# Reifenwahl beim Stage 5.0



## Chanti (1. November 2011)

Hallo zusammen,

ich bin neu hier im Forum und absolute Anfängerin......nach stundenlangen lesen und Beratungen habe ich mir vor einem Monat das Radon Stage 5.0 aus 2011 gekauft und bin absolut zufrieden mit dem bike. 
Da ich in Bonn wohne, fahre ich vor allem im Siebengebirge oder im Kottenforst. Und am Wochenende hab ich mir mal den Flowtrail Stromberg angeschaut. Naja, ich merke vor allen Dingen, dass mir der Freeride und Downhill Bereich immer mehr spaß macht und gerade mit den ersten kleinen Hüpfern anfange. 
Da nun der Winter vor der Türe steht bzw die matschigere Jahreszeit, würde ich gerne wissen, welche Bereifung sinnvoll wäre für Trails im 7G, Kottenforst, aber auch auf Asphalt noch angenehm zu fahren sind. 
Hab jetzt schon oft vom Fat Albert oder Muddy Mary gehört......aber welche Breite und vor allem, was vorne oder hinten. Klar, hat da jeder seine eigene Erfahrung, aber was wäre ein guter Kompromiss.
Momentan fahre ich die Schwalbe Nobby Nic 2,25". 
Für ein paar Tipps bzw Meinungen wäre ich euch sehr dankbar

Grüsse
Natascha


----------



## Chanti (19. November 2011)

Hat denn keiner einen Tipp??


----------



## MTB-News.de




----------



## Piktogramm (19. November 2011)

Im Bereich Techtalk im Forum ist mehr los als in den Herstellerforen, vor allem da dein Problem ja vom Reifen und nicht vom Radon Rahmen abhängt 

An sich sind die Nobbys für ne Tourenschleuder mit 120mm ausreichend ohne deine genauen Bodenverhältnisse zu kennen.

Bei der Reifenbreite würde ich mich bei 19mm Innenweite der Crossride Laufräder auf 2,2" bzw 2,25" beschränken.

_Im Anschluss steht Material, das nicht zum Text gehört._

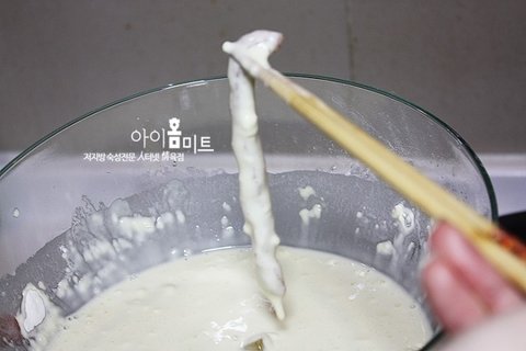 4.튀김물 : 볼에 튀김가루2컵, 탄산수 300ml를 넣고 섞어준다.
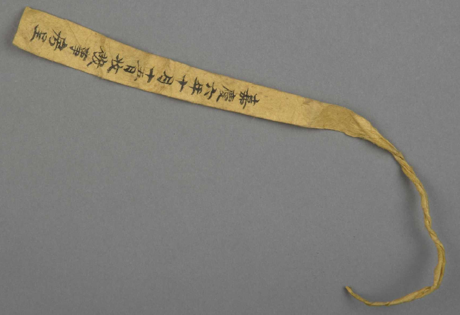 此头箍为皇后着吉服时佩戴于钿子之下,可起到约发和装饰的作用。附黄纸签,其上墨书:“嘉庆六年十月十五日收,敬事房呈,览银镀金花托六块玻璃花托五块嵌假珠十一颗。”
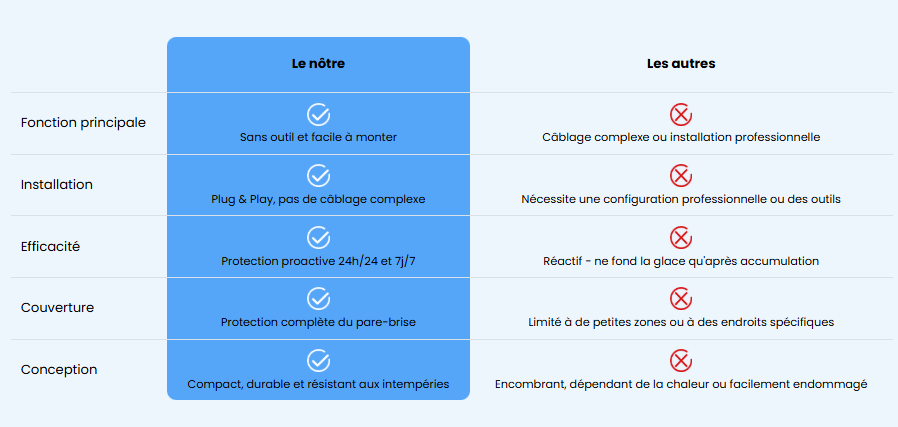 Prévient l'accumulation de glace tout au long de l'hiver et assure une visibilité dégagée chaque matin. Trajets plus sûrs, plus d'angles morts dus au givre tenace.
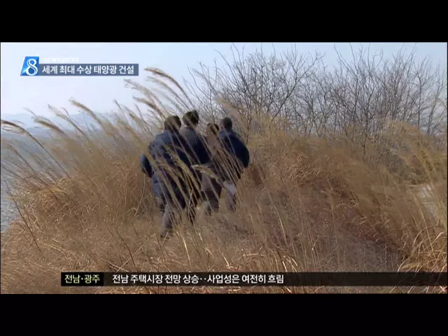 ◀ANC▶ 농어촌공사가 영암호에 세계 최대 규모의 수상 태양광 발전사업자를 공모할 계획입니다. 외국에서도 수상 태양광발전은 초기 단계여서 선진 사례로 주목됩니다. 최진수 기자가 보도합니다. ◀END▶ ◀VCR▶ 저수지 수면 위에 태양광 전지판이 운동장처럼 펼쳐져 있습니다. 지난해 11월 말에 가동에 들어간 이 발...
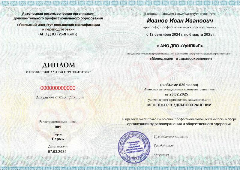 Обучение менеджменту в здравоохранении в АНО ДПО «УрИПКиП».
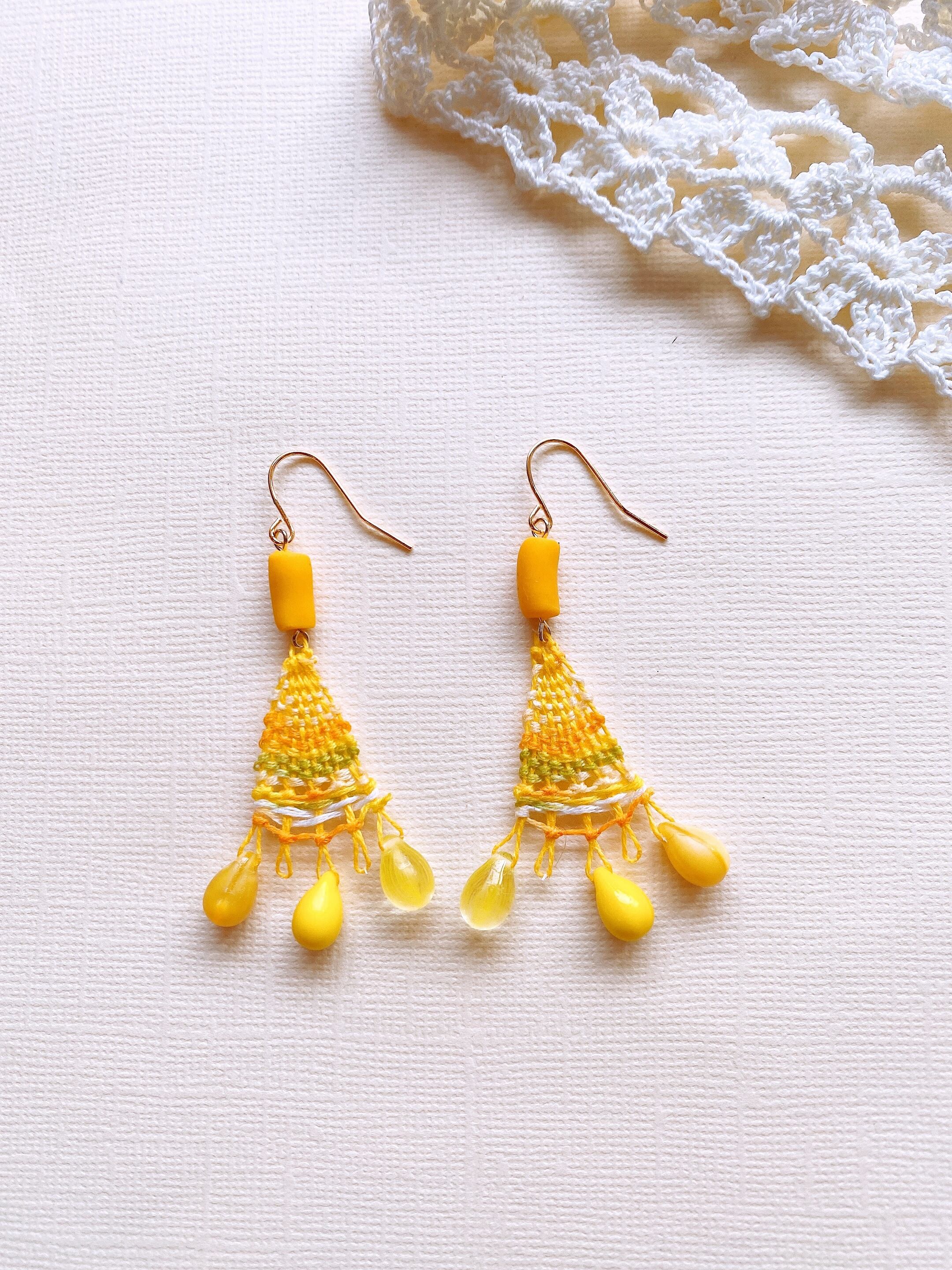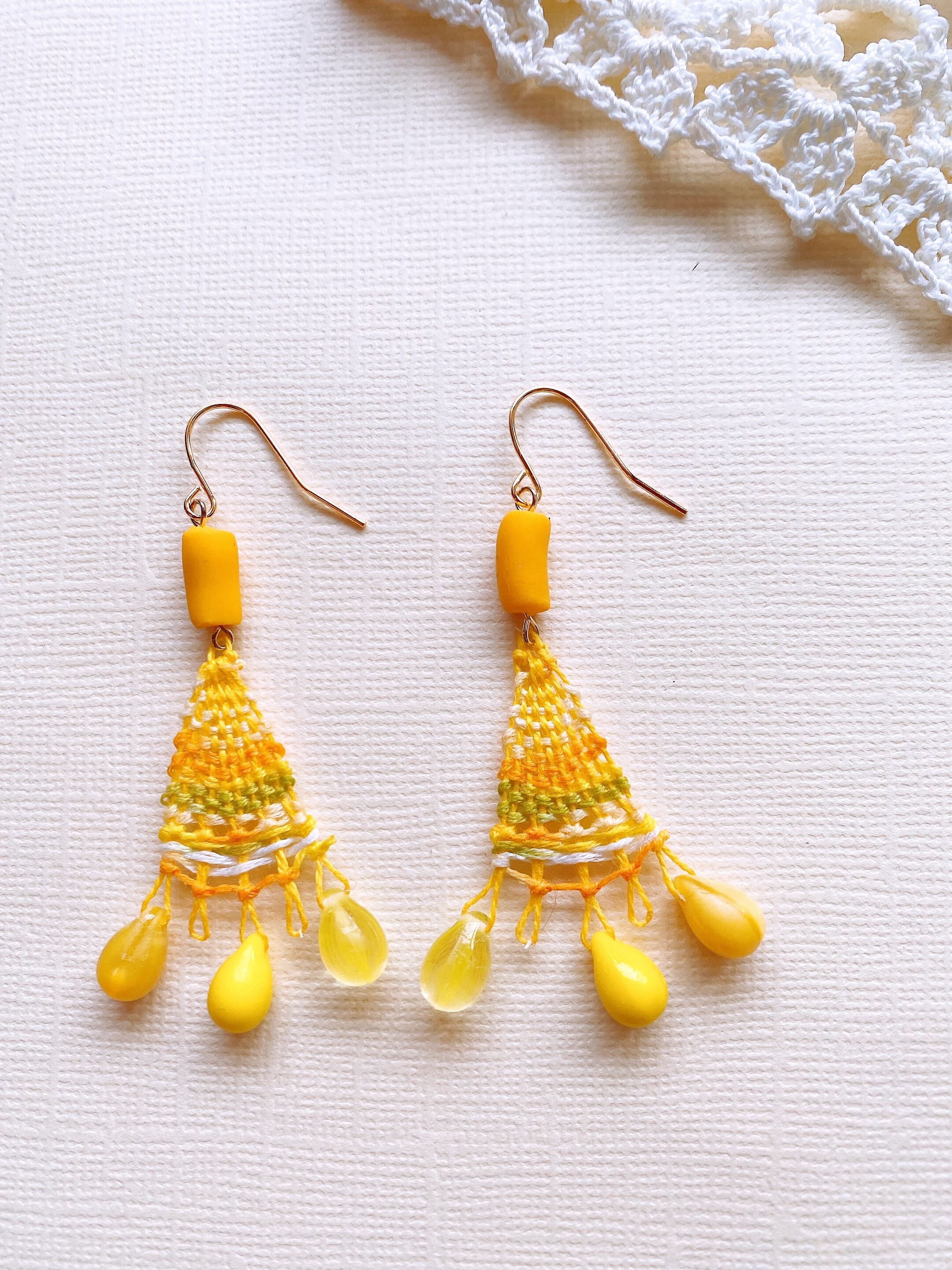 [材料] DMC刺繍糸・黄色ぼかし刺繍糸・しずくガラスビーズ・樹脂オリジナルビーズ・ピアス金具

Mehr Grip als Nobby Nic dürfte mit recht geringem Abstand der Mountain King II von Conti sein (wichtig, Black Chilli Gummi!), größer Abstand dann Rubber Queen
Bei Schwalbe mit ähnlicher Abstufung Hans Dampf gefolgt von Fat Albert

Muddy Marry halte ich für übertrieben bei einer 120mm Kiste und mit gut auf Asphalt rollen ist dann eher nix mehr zu erwarten. Aber an sich sollte ein Nobby auch im Winter reichen.


----------



## Chanti (22. November 2011)

Vielen Dank schon mal für die hilfreichen Tipps.........aber Tourenschleuder verletzt mich jetzt schon ein bißchen Aber wo du recht hast....
Spar schon fleißig fürs nächste Bike, aber bis dahin muss die Tourenschleuder mich glücklich machen. 
Werd dann wohl nochmal zusätzlich im Tech Talk posten um noch ein paar zusätzliche Meinungen zu hören.

Danke


----------



## Piktogramm (22. November 2011)

Die Wertschätzung gegenüber Fahrrädern hat bei mir etwas gelitten, generell ist alles ne Dreck-)Schleuder, Kiste, Miststück usw. und das bei nem Fuhrpark der zu 2/3 aus Faserverbundmaterial besteht...


----------



## Sun on Tour (22. November 2011)

Hi,

abgesehen vielleicht vom Pannenschutz kann der Panaracer Rampage SC meiner Meinung nach alles besser als ein FA in 2,25 (57-559), ist mit 680 g kaum schwerer, fällt aber mit ERTRO 58-559 auch kaum breiter aus, so dass er auch auf Deine Felgen passen würde.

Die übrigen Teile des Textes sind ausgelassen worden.